Fasilitas pendidikan lingkungan, sebaiknya di alam atau hutan. Di dalam hutan di desain atau dibuat jalur pendidikan dilengkapi dengan obyek-obyek yang menarik sebagai bahan interpretasi. Misalnya menjadi daerah teritorialnya primata, terdapat pohon yang buahnya sering dikunjungi berbagai jenis burung, melewati atau di pinggiran sungai, terdapat tumbuhan obat, rotan, liana dsb.

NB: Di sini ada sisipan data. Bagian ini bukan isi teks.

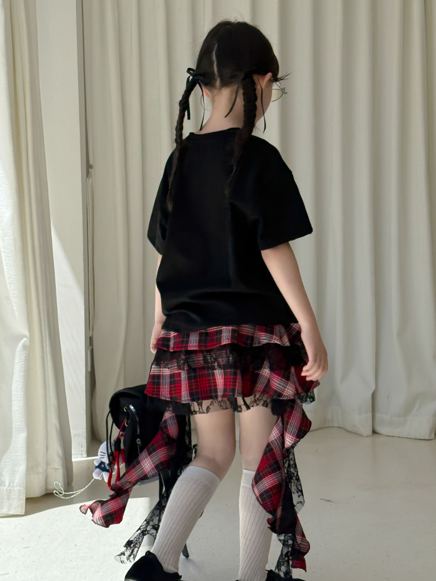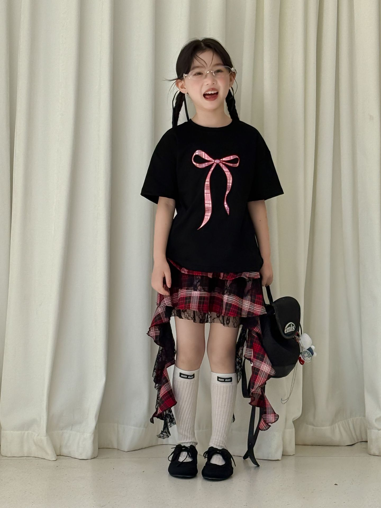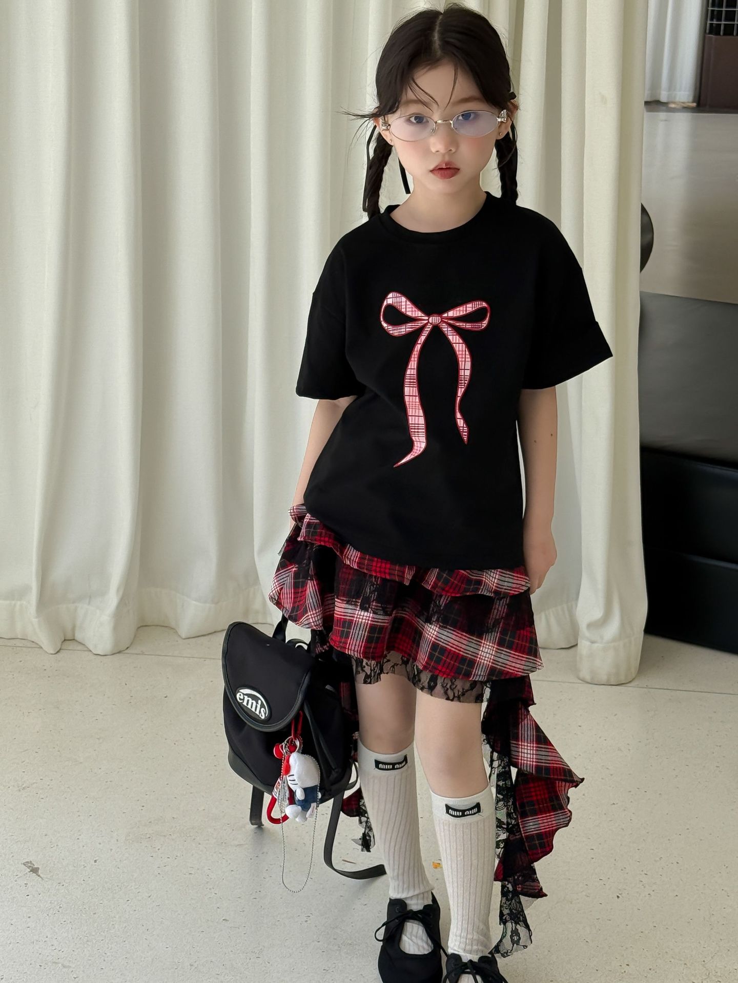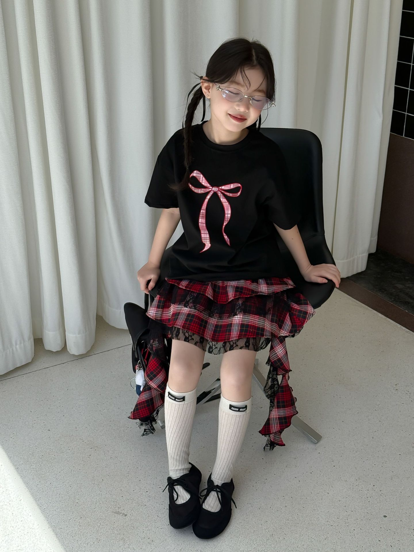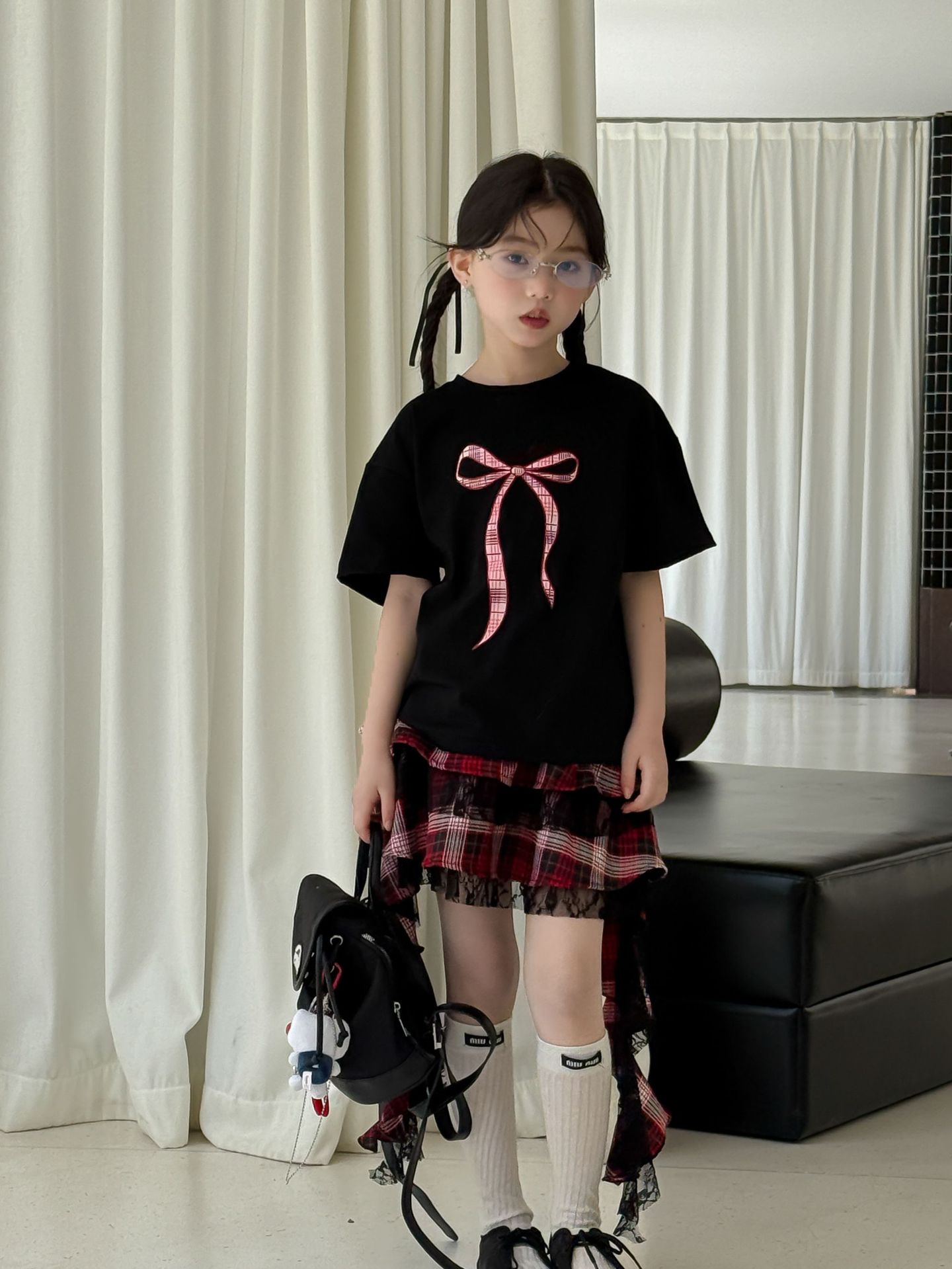 어린이 치마 2025 여름 새로운 소녀 디자인 센스 레드 체크 무늬 주름 케이크 스커트 소녀의 세련된 레이스 스커트스토어 가기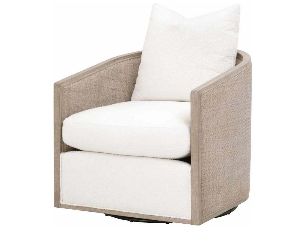 Essentials For Living McGuire Swivel Club Chair in Performance Boucle Snow Natural Gray Oak and Cane (SKU: 6643.BOU-SNO/NG) is available at Hickory Park Furniture in Hickory, NC and nationwide. We delivery anywhere.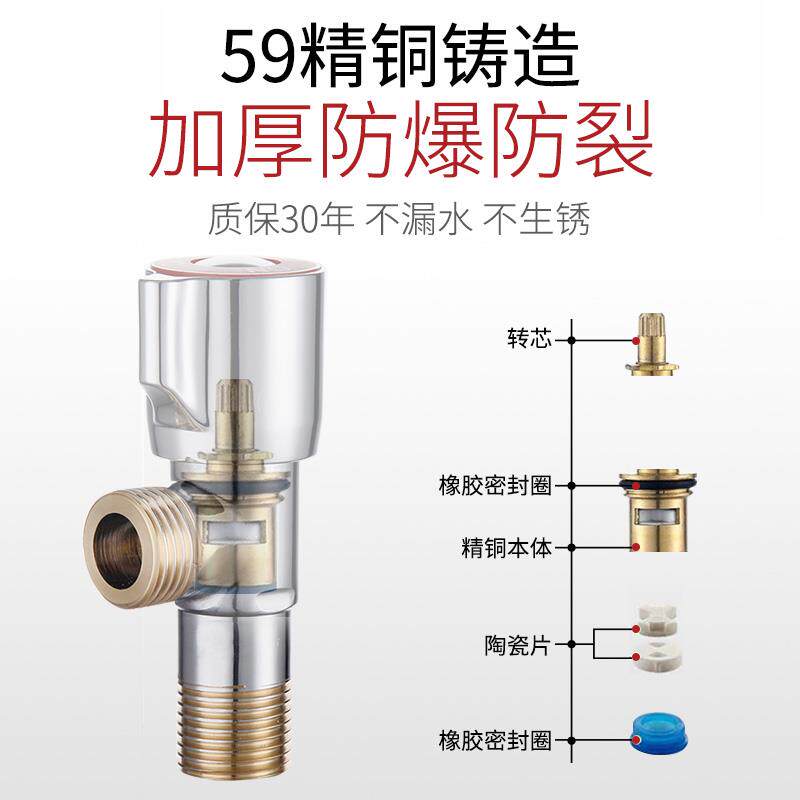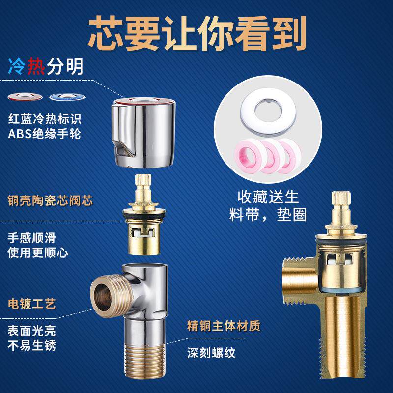 Overall all-copper thickened section (cold water) integral full copper thickened section (hot water) thickened 304 stainless steel (hot and cold universal) 304 stainless steel angle valve lined with round (cold water) 304 stainless steel angle valve one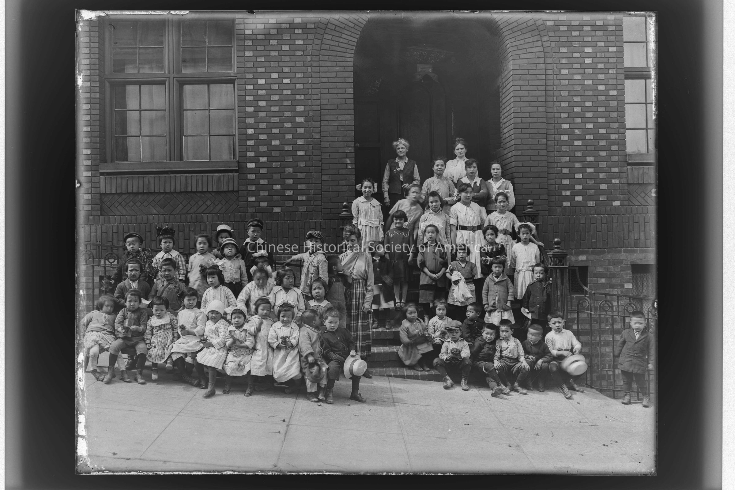 Children in front of Gum Moon Residence, on Washington St. Julia Morgan, architect.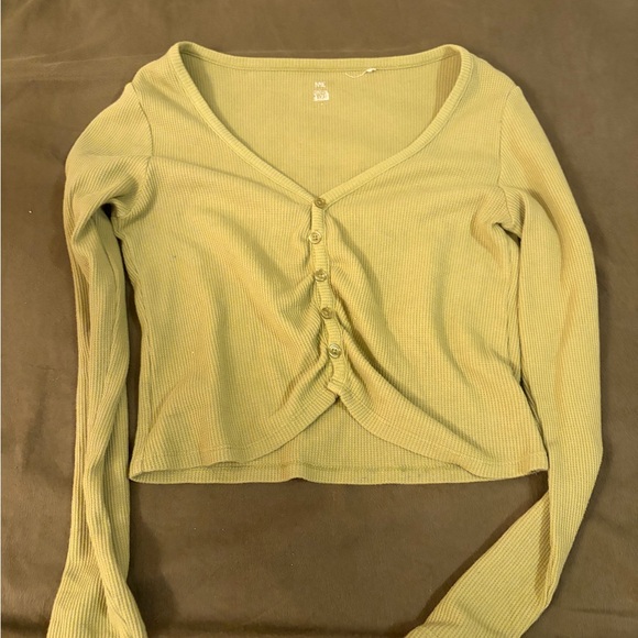 Women's Olive Button-Up Ribbed Top
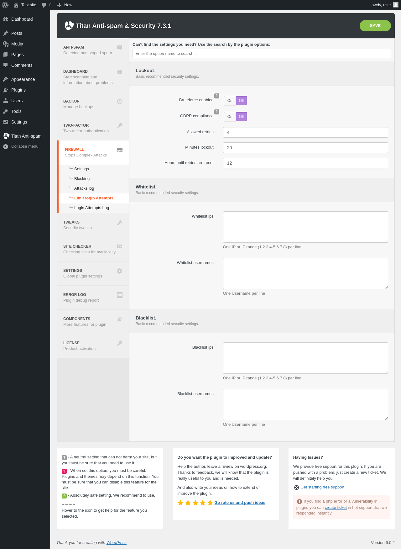| URL | /wp-admin/options-general.php?page=antispam-titan_security |

Obyek ini menjadi bahan ceritera yang sangat menarik untuk belajar rahasia kehidupan pada hutan hujan tropis. Untuk itu perlu pemilihan jalur yang baik, sehingga tidak memerlukan jalur yang panjang, pendek tetapi mewakili.
Fasilitas akomodasi, selayaknya perlu disediakan, dapat berupa asrama atau bentuk penginapan lain. Untuk penginapan ini dapat menghasilkan masuykan dana guna biaya pendidikan untuk berbagai kalangan masyarakat luas.
Di PPKA Bodogol, fasilitas yang disediakan masih terbatas. Fasilitas yang ada antara lain asrama, ruang pengelola, kelas, pondok belajar dan ruang makan serta dapur.
Asrama terbatas hanya untuk 30 orang, dan ruang belajar dapat menampung 40 orang. Sedangkan jalur pendidikan memiliki dua jenis yaitu ; jalur pendek sepanjang 1,6 km dan jalur petualangan sepanjang 3,4 km.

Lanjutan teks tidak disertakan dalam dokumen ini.